DESCRIPTION OF THE TASK: Retype only what runs from the beginning of the data through the line with "ALPINUS (Prosper) –"; please omit the pictures and keep every line exact.

Dataset records:

__________________________________________________

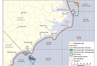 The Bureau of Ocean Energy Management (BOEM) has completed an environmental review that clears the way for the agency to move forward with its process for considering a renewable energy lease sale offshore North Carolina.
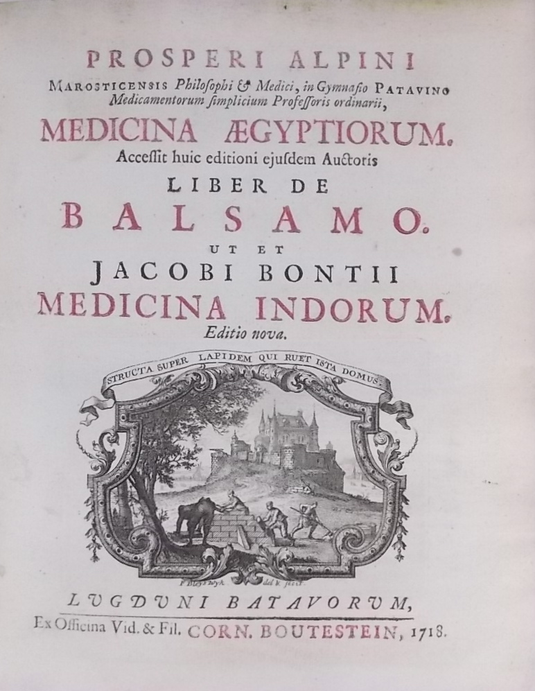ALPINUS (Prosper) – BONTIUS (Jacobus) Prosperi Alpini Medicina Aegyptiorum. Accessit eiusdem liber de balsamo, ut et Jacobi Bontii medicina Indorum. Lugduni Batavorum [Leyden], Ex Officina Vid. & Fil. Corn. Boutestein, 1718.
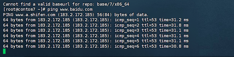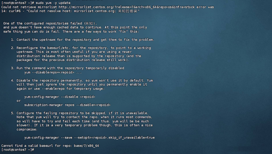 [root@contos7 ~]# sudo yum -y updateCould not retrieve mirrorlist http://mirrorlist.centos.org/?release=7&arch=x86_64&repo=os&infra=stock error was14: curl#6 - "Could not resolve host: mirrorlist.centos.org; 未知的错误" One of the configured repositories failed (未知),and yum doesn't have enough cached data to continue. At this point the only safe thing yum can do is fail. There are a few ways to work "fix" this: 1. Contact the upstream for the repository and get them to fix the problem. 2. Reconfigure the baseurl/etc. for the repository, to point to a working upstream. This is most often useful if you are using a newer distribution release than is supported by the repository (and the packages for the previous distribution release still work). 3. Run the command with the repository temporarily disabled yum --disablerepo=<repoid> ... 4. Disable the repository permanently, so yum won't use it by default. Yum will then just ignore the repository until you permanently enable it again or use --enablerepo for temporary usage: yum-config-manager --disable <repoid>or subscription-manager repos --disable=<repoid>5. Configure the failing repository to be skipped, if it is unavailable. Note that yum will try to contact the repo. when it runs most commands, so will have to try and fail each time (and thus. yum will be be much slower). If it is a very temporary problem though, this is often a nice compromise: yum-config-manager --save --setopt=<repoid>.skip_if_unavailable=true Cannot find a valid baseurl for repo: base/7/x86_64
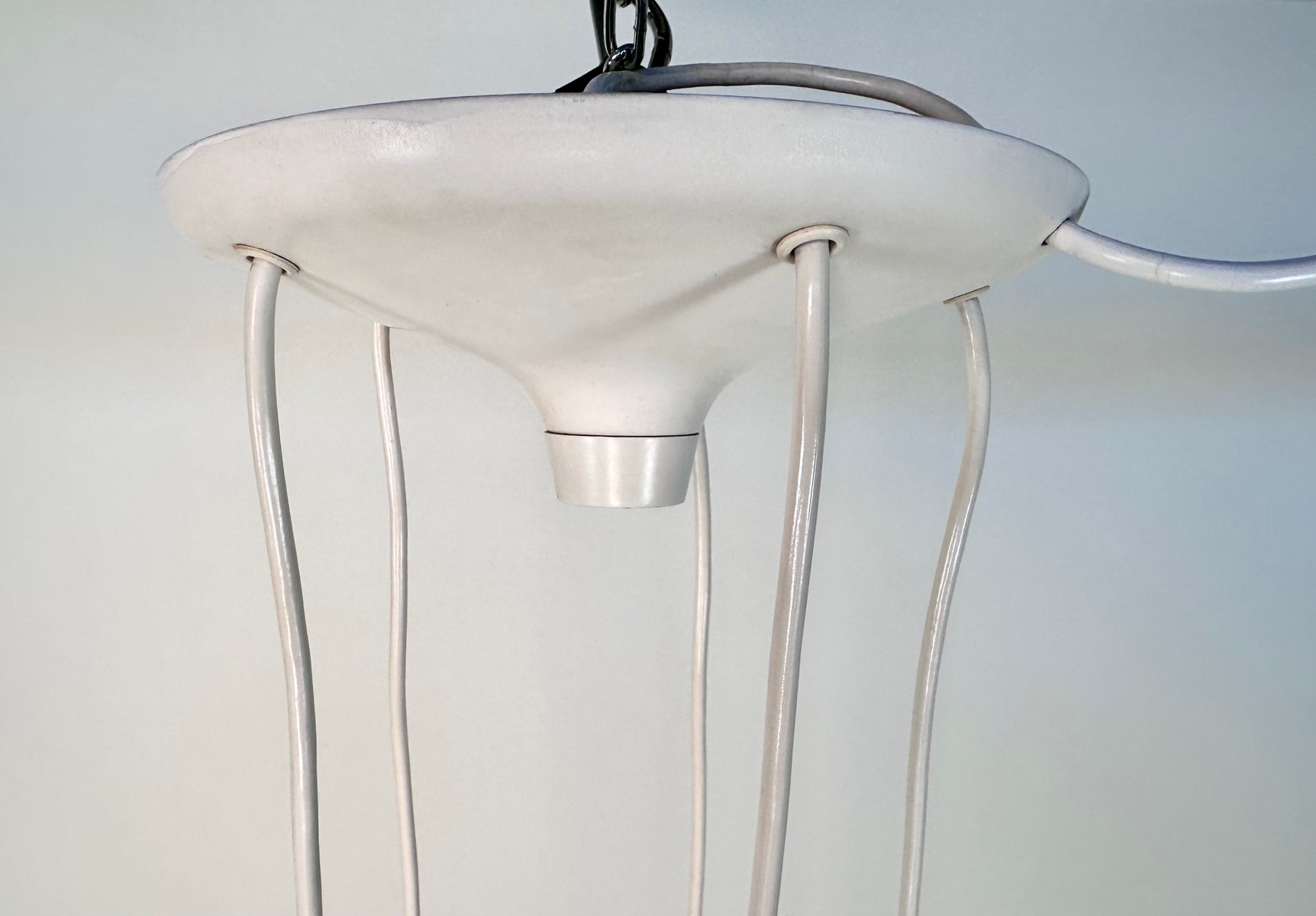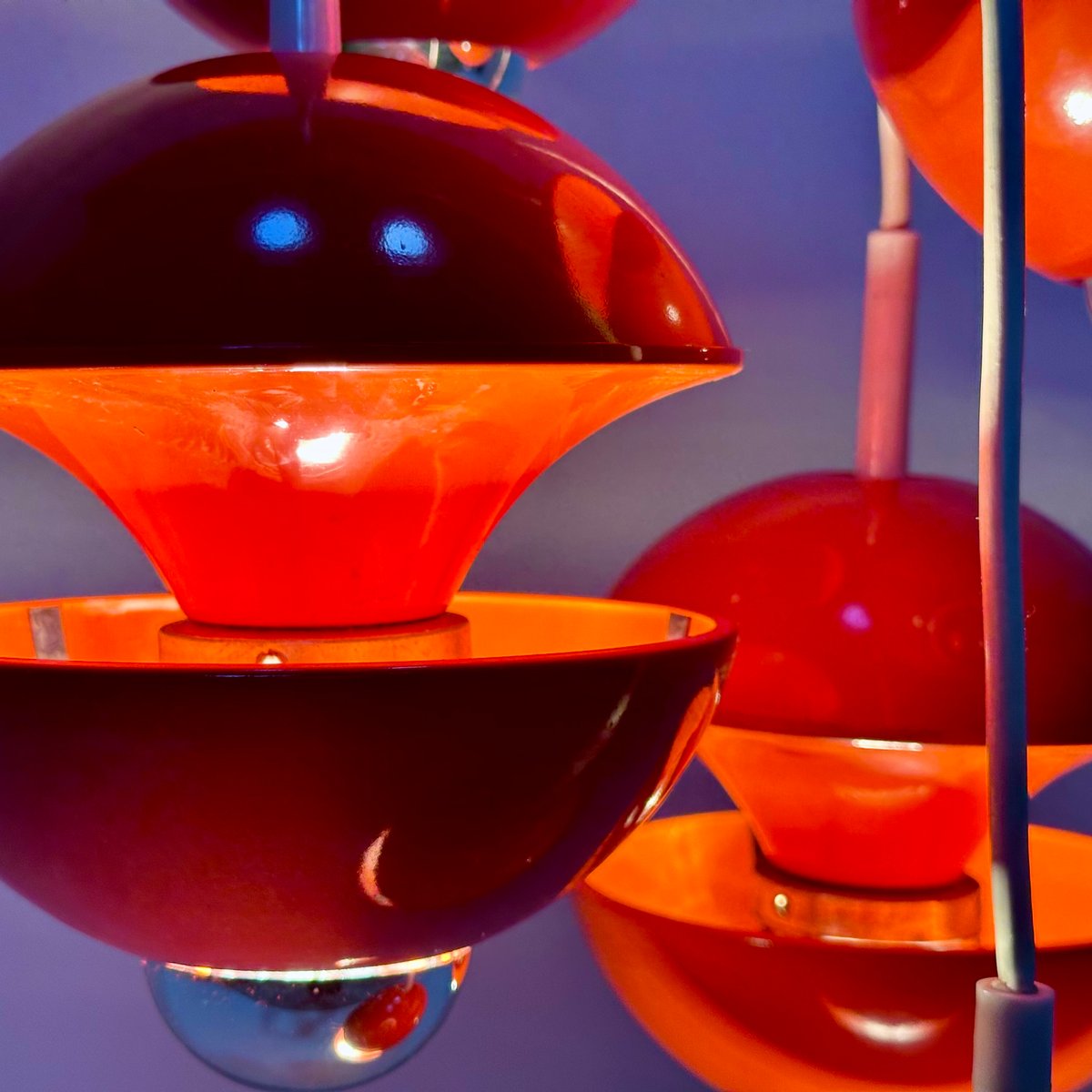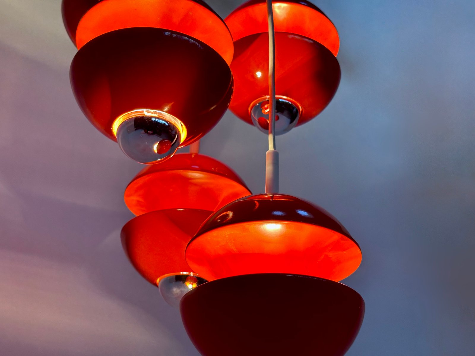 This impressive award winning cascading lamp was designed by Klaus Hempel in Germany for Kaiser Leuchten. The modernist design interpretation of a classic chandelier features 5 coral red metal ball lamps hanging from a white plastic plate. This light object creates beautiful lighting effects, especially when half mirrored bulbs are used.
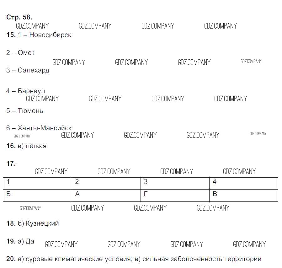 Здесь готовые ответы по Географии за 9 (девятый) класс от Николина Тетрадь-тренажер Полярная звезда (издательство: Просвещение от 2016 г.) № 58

__________________________________________________

WRITTEN RESPONSE:
 The Bureau of Ocean Energy Management (BOEM) has completed an environmental review that clears the way for the agency to move forward with its process for considering a renewable energy lease sale offshore North Carolina.
ALPINUS (Prosper) – BONTIUS (Jacobus) Prosperi Alpini Medicina Aegyptiorum. Accessit eiusdem liber de balsamo, ut et Jacobi Bontii medicina Indorum. Lugduni Batavorum [Leyden], Ex Officina Vid. & Fil. Corn. Boutestein, 1718.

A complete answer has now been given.